Domestic team information
- 1844: Marylebone Cricket Club

Career statistics
| Competition | First-class |
| Matches | 1 |
| Runs scored | 9 |
| Batting average | 4.50 |
| 100s/50s | –/– |
| Top score | 9 |
| Catches/stumpings | –/– |
- Source: Cricinfo, 17 September 2020

= Sir Henry Bromley, 4th Baronet =

English cricketer

Sir Henry Bromley, 4th Baronet (25 December 1816 – 21 September 1895) was an English first-class cricketer and cricket administrator.
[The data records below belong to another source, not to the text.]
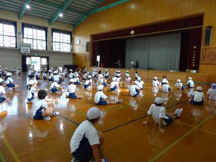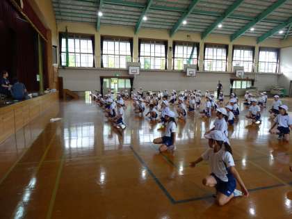 本日から,運動会の集団演技(エイサー)の練習を始めました。
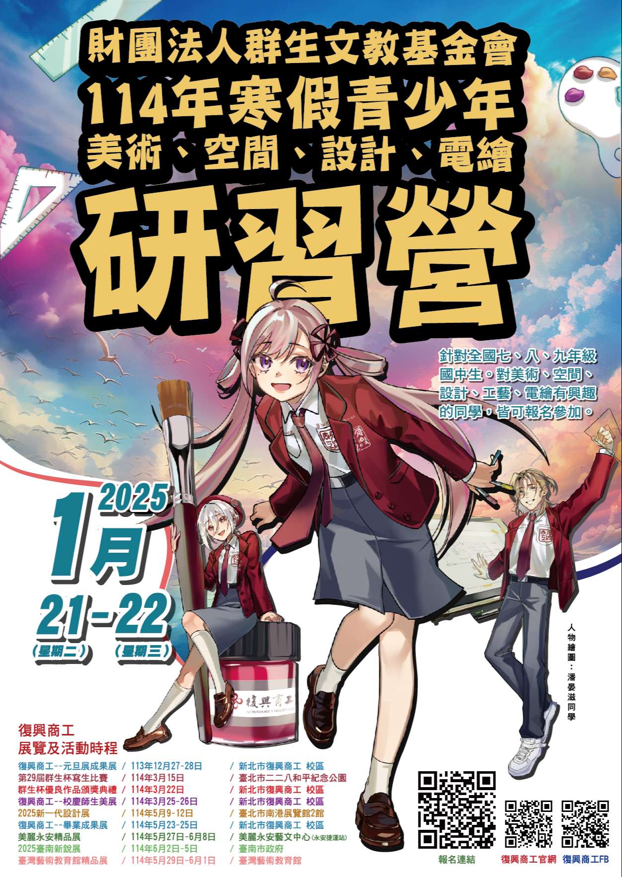 主旨:檢送本校承辦財團法人群生文教基金會「114年寒假青少年美術、空間、設計、電繪研習營」活動簡章,敬請 惠予宣導,鼓勵學生踴躍參加,請查照。
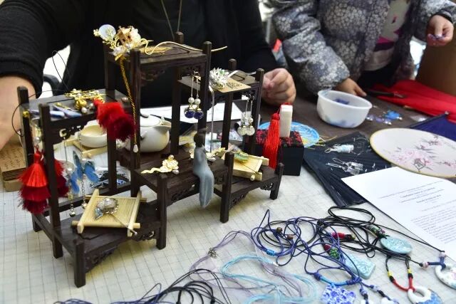 现场不仅有中国和藏文书法、国画、工笔画,陈诗哲同学带来了精美的剪纸,心灵手巧的祁丽君同学还制作了各种服饰、手工制品挂件等等,真是让人大饱眼福。
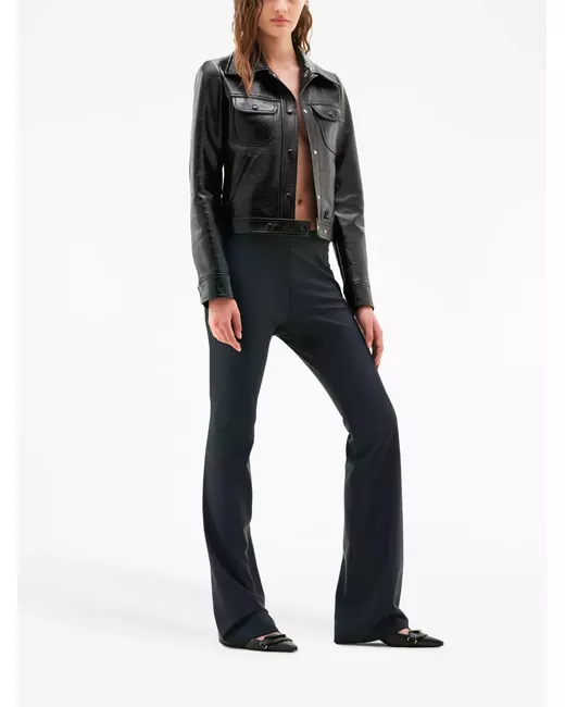 black oversized pointed collar two button-fastening chest pockets front press-stud fastening two diagonal pockets to the sides long sleeves straight hem full lining cropped
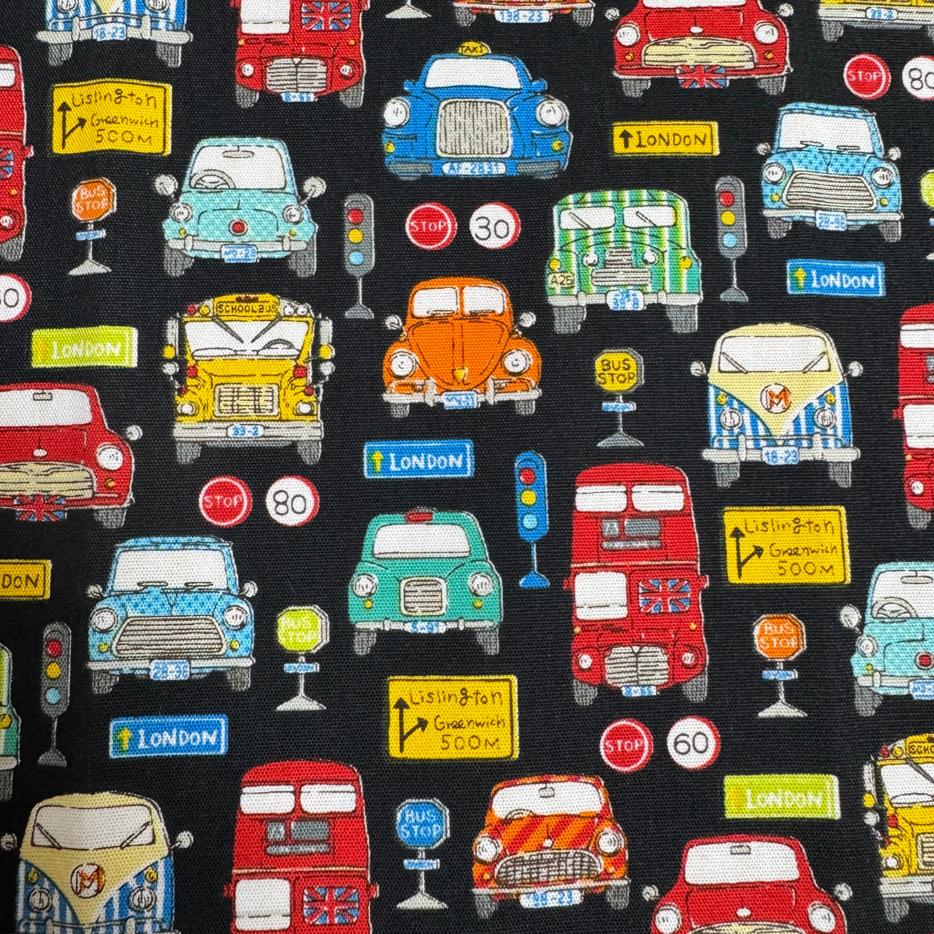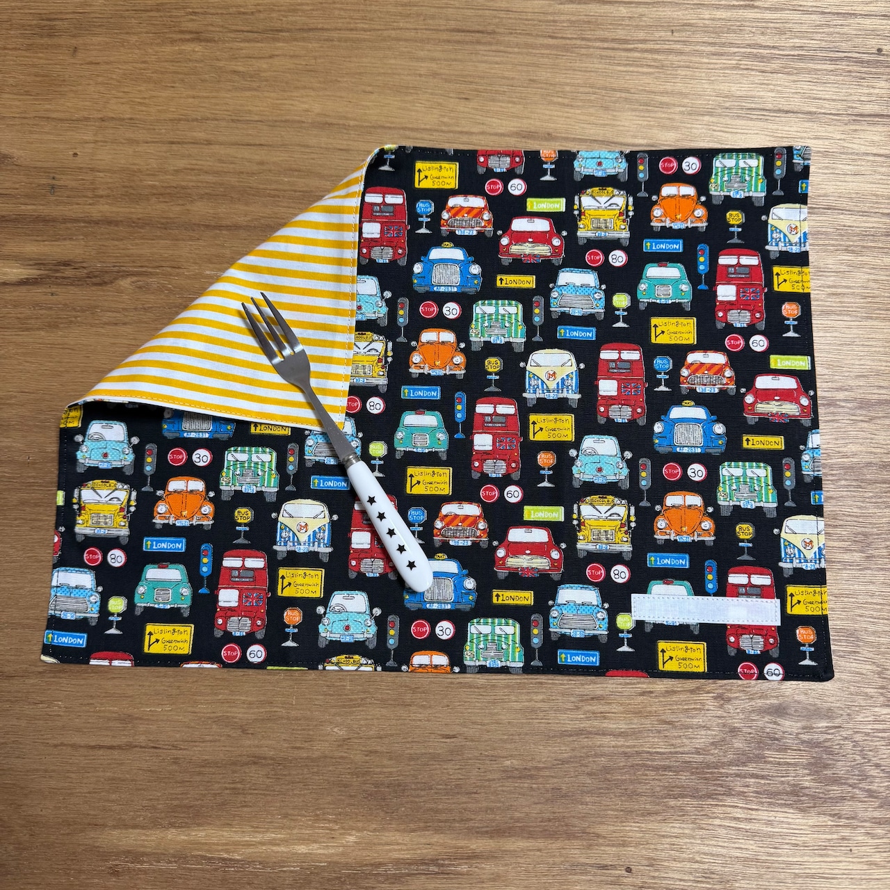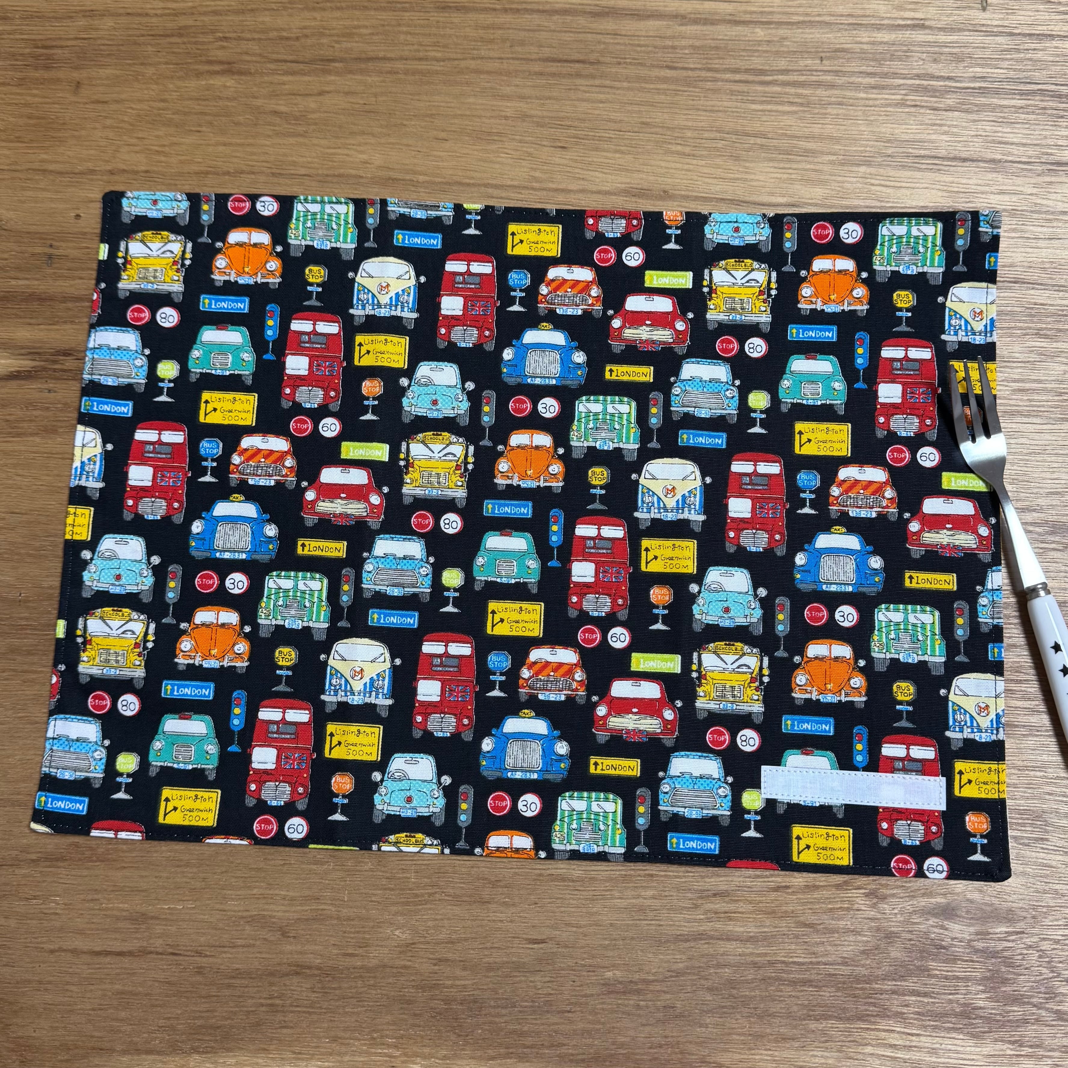 ランチョンマット☆25×35cmブラック【レトロカー柄】★RM. 車 男の子 裏地付き|通園通学用のかわいい巾着袋や入園オーダーHoshizora☆ほしぞら
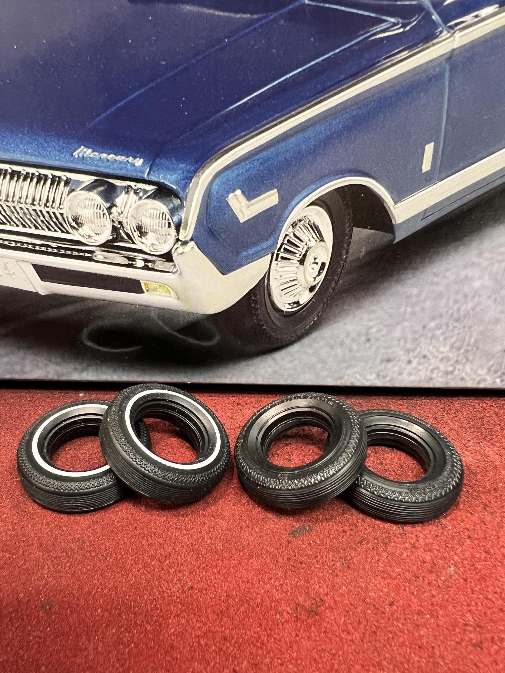 3. The latest AMT '58 Chevy Impala kit ('Ala-Impala' Round2 AMT1301) has skinny Firestones with a fat whitewall on one side and a white-stripe whitewall on the other. The undesidered side can be painted over with a matt black.
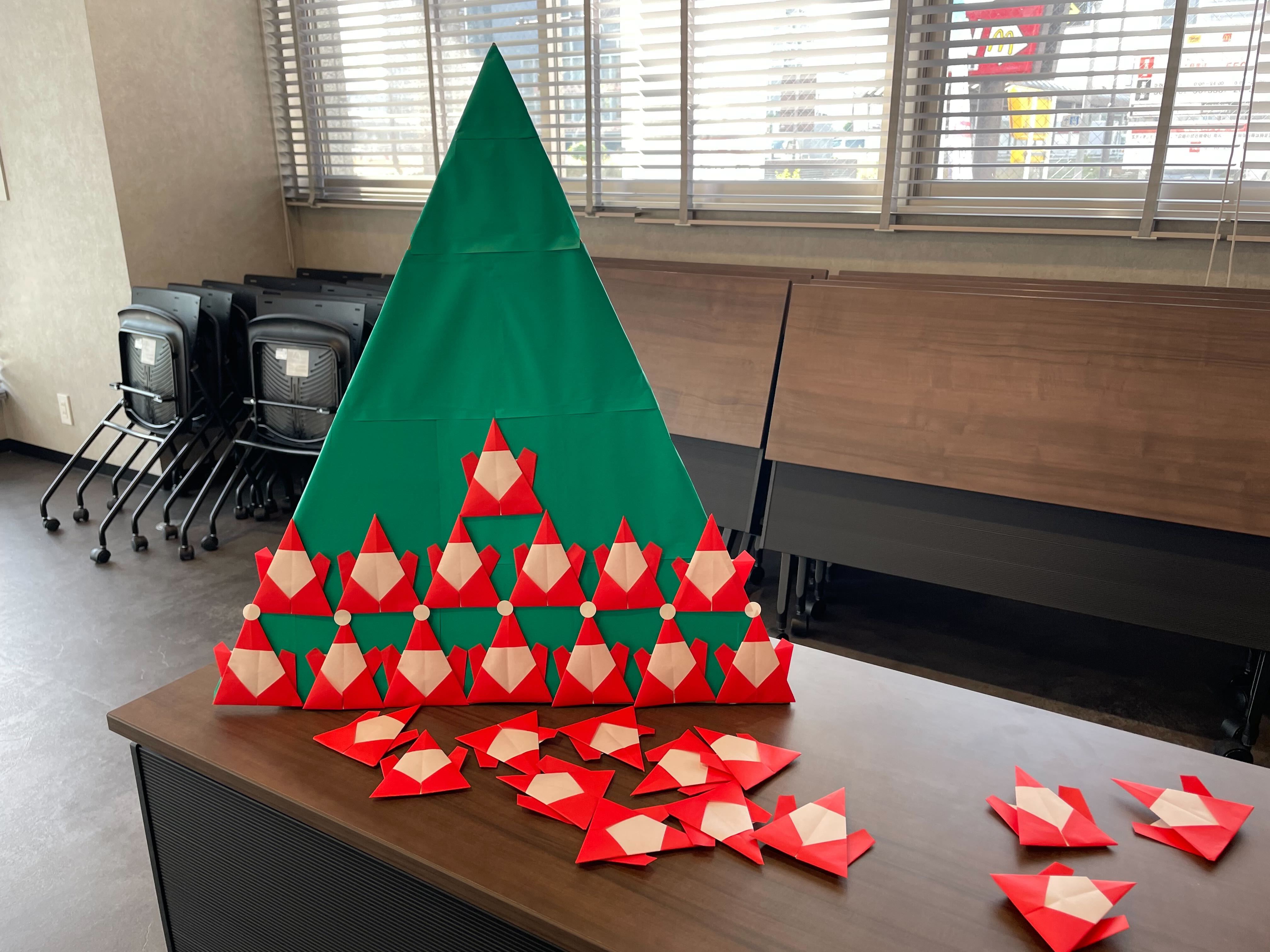 サンタさんを1個ずつみんなで作って、1つのツリーに!
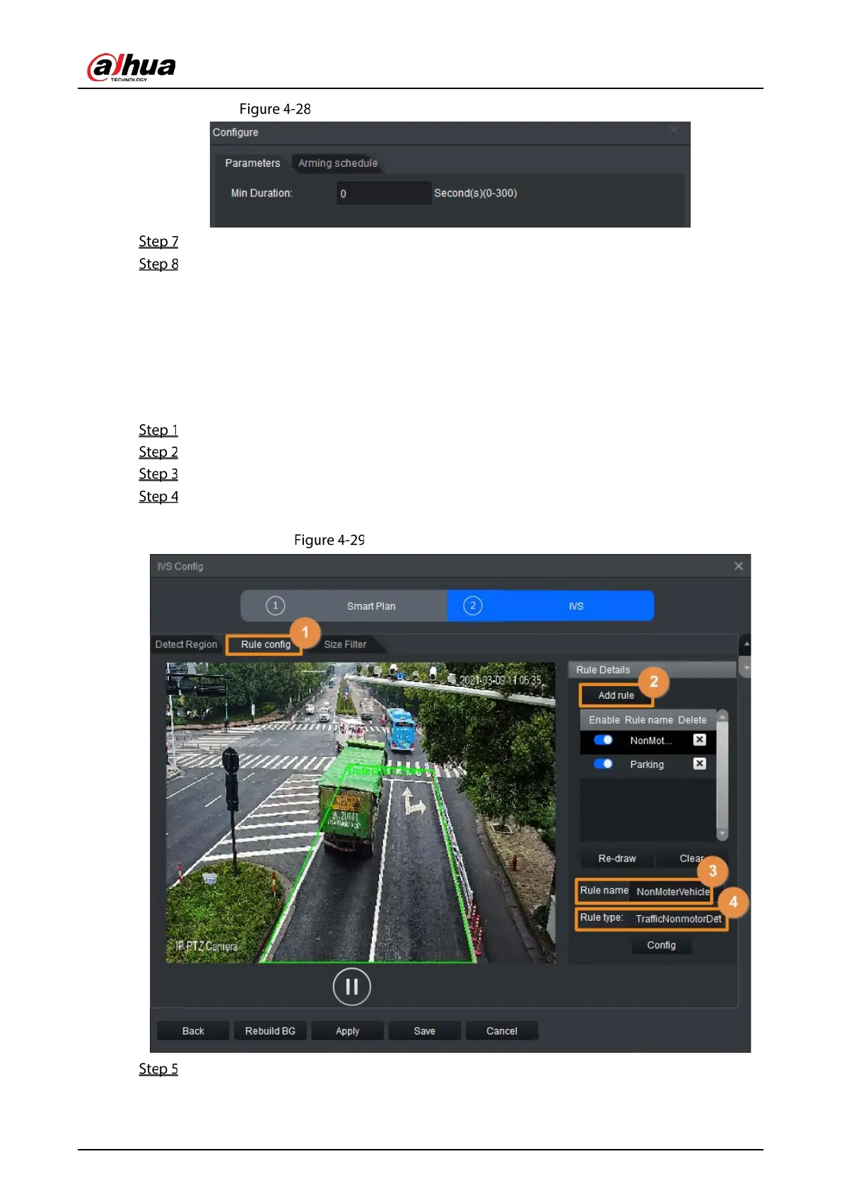 Configure arming schedule. See Step 7 in "4.3.5.1 Parking Detection".

The son of Sir Robert Bromley, a Royal Navy admiral, he was born in December 1816 at Stoke Hall, Nottinghamshire and was educated at Westminster School. Bromley was a keen cricketer and played a single first-class cricket match for the Marylebone Cricket Club (MCC) against Oxford University at Oxford in 1844. Batting twice in the match, he was dismissed without scoring by Cyril Randolph in the MCC first innings, while in their second innings he was dismissed for 9 runs by the same bowler. In addition to playing first-class cricket, he also played minor matches for the Gentlemen of Nottinghamshire and for various club teams across Nottinghamshire.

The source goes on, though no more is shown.